BEGIN DATA FOR THIS TASK

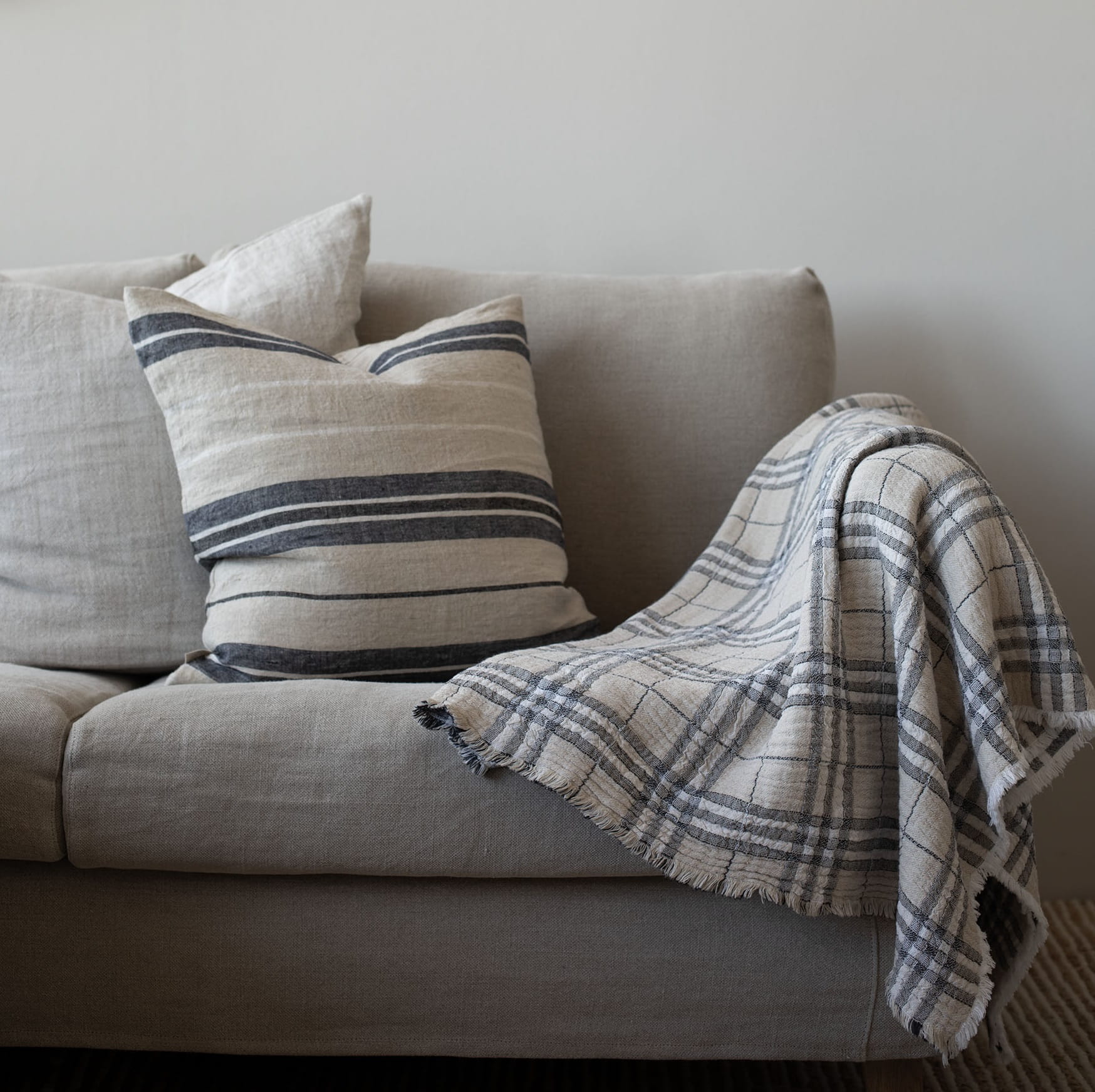 Mika to wyjątkowa poszewka na poduszkę o wymiarach 50x50 cm, stworzona z najwyższej jakości, europejskiego lnu. W całości wykonana ze 100% naturalnych włókien lnianych, poszewka zachwyca trwałością i charakterystyczną, przyjemną w dotyku fakturą. Jej klasyczny, ponadczasowy design z subtelnymi paskami w odcieniach niebieskiego, beżu i bieli doskonale wpisuje się zarówno w przytulne, rustykalne wnętrza, jak i nowoczesne, minimalistyczne aranżacje.
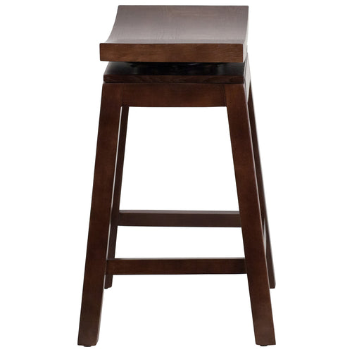 Swivel Bar Stool, 26"H seat, counter height, rustic style, backless, wood saddle seat, auto return swivel, wood frame, cappuccino finish, protective plastic floor glides, designed for residential use (assembly required) (in stock items usually ship within 24 hours)
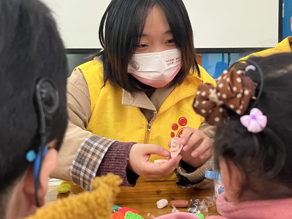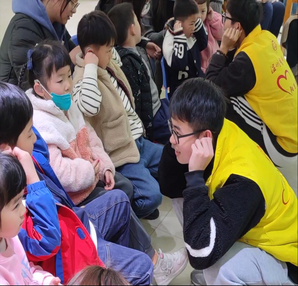 活动中,志愿者蹲下来与聋哑儿童互动,温暖了儿童的内心,给与儿童们充分的尊重,也体现了服务队的“温度”。志愿者了解到聋哑儿童的成长轨迹与康复历程,扩充了知识储备,为今后志愿服务的开展奠定良好基础。
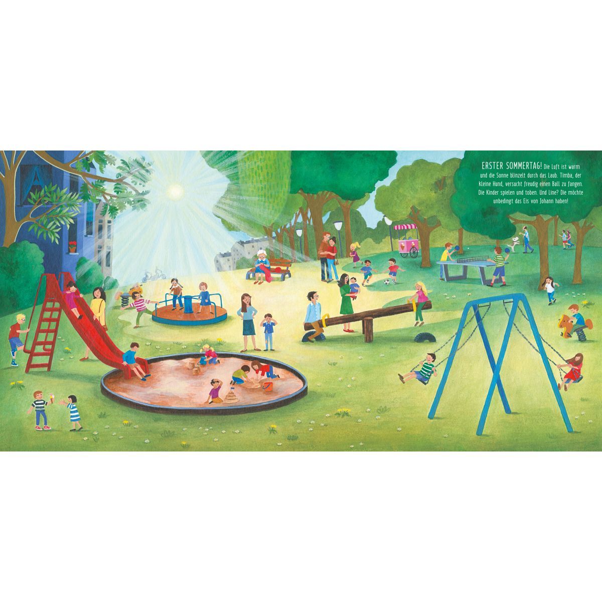 Ein Lieblingsort für jeden Tag, jede Jahreszeit und bei jedem Wetter • Faszinierendes Bilderbuch: Der Spielplatz als bunte Bühne für Frühling, Sommer, Herbst und Winter • Immer wieder Neues entdecken: Kinder, Eltern, Parkbesucher, Tiere und ihre kleine Geschichten entwickeln sich von Seite zu Seite weiter • Perfektes Geschenk: Fördert Beobachtungsgabe, Sprachentwicklung und macht die Vielfalt des Alltags für Kinder ab 3 Jahren erlebbar Dieses Bilderbuch lädt Kinder und Erwachsene ein, einen ganz besonderen Ort immer wieder neu zu erleben: den Spielplatz mit der knallroten Rutsche im Park. Immer mit dem Spielplatz im Zentrum des Bildes erzählt Daniela Chudzinski viele kleine sinnliche Geschichten zum Eintauchen und Miterleben. Dabei gelingt es ihr auf außergewöhnliche Weise, Klein und Groß als Beobachter und Teilhaber des Geschehens einzufangen. Durch das Buch begegnet man immer wieder denselben Kindern, Erwachsenen und Tieren an demselben Ort – und doch ist alles ständig im Wandel. Mal ist der Platz voll, mal leer, das Wetter wechselt, Jahreszeiten ändern sich, Freundschaften entstehen. Und wer genau hinschaut, entdeckt viele liebevolle Details: Ein Schal wird länger, ein Baby ist zur Welt gekommen, ein Eichhörnchen flitzt durchs Bild. So wird jeder Tag besonders – egal ob bei Sonnenschein, Regen oder Schnee. Ein außergewöhnliches Bilderbuch, das zum Entdecken, Staunen und Erzählen einlädt – und zeigt, wie bunt und lebendig unser Alltag ist. Ideal für die Frühförderung, als Geschenk und für gemeinsame Entdeckungsreisen mit der ganzen Familie..
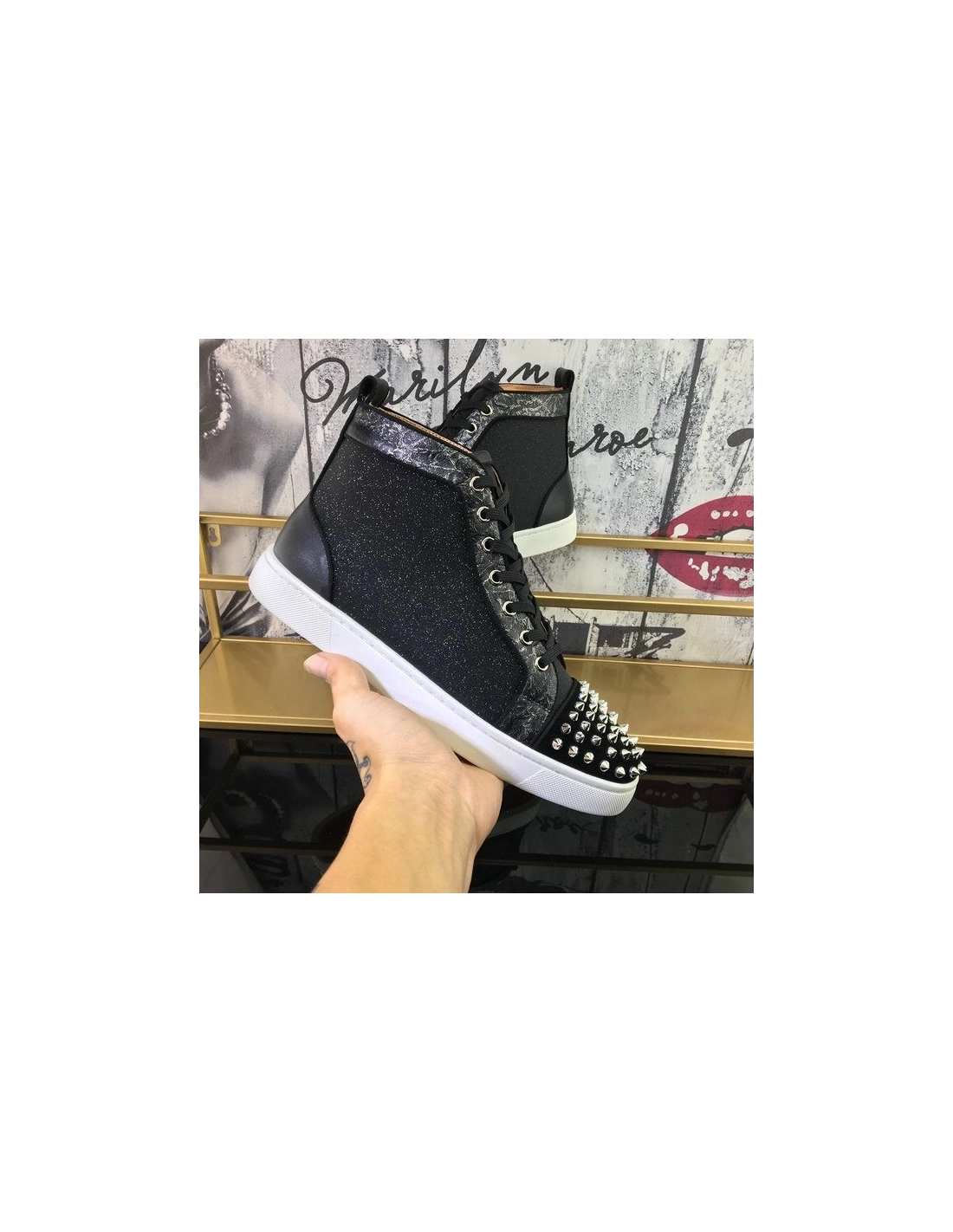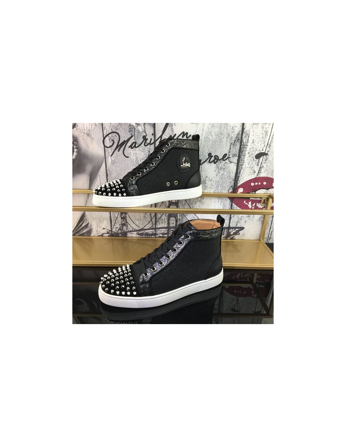 Christian Louboutin Lou Spikes Orlato High-top Sneakers Nubuck And Leather Black White are crafted from black-silver Nubuck leather and leather into a high-top silhouette. They showcase lace-up fastenings and silver-tone hardware on the vamps. Add these trendy sneakers to your collection now.

END DATA FOR THIS TASK

TASK GOAL :: The answer must be the lines above, word for word, from the first one through the line with "活动中,志愿者蹲下来与聋哑儿", pictures excluded.

TASK OUTPUT ::
 Mika to wyjątkowa poszewka na poduszkę o wymiarach 50x50 cm, stworzona z najwyższej jakości, europejskiego lnu. W całości wykonana ze 100% naturalnych włókien lnianych, poszewka zachwyca trwałością i charakterystyczną, przyjemną w dotyku fakturą. Jej klasyczny, ponadczasowy design z subtelnymi paskami w odcieniach niebieskiego, beżu i bieli doskonale wpisuje się zarówno w przytulne, rustykalne wnętrza, jak i nowoczesne, minimalistyczne aranżacje.
 Swivel Bar Stool, 26"H seat, counter height, rustic style, backless, wood saddle seat, auto return swivel, wood frame, cappuccino finish, protective plastic floor glides, designed for residential use (assembly required) (in stock items usually ship within 24 hours)
 活动中,志愿者蹲下来与聋哑儿童互动,温暖了儿童的内心,给与儿童们充分的尊重,也体现了服务队的“温度”。志愿者了解到聋哑儿童的成长轨迹与康复历程,扩充了知识储备,为今后志愿服务的开展奠定良好基础。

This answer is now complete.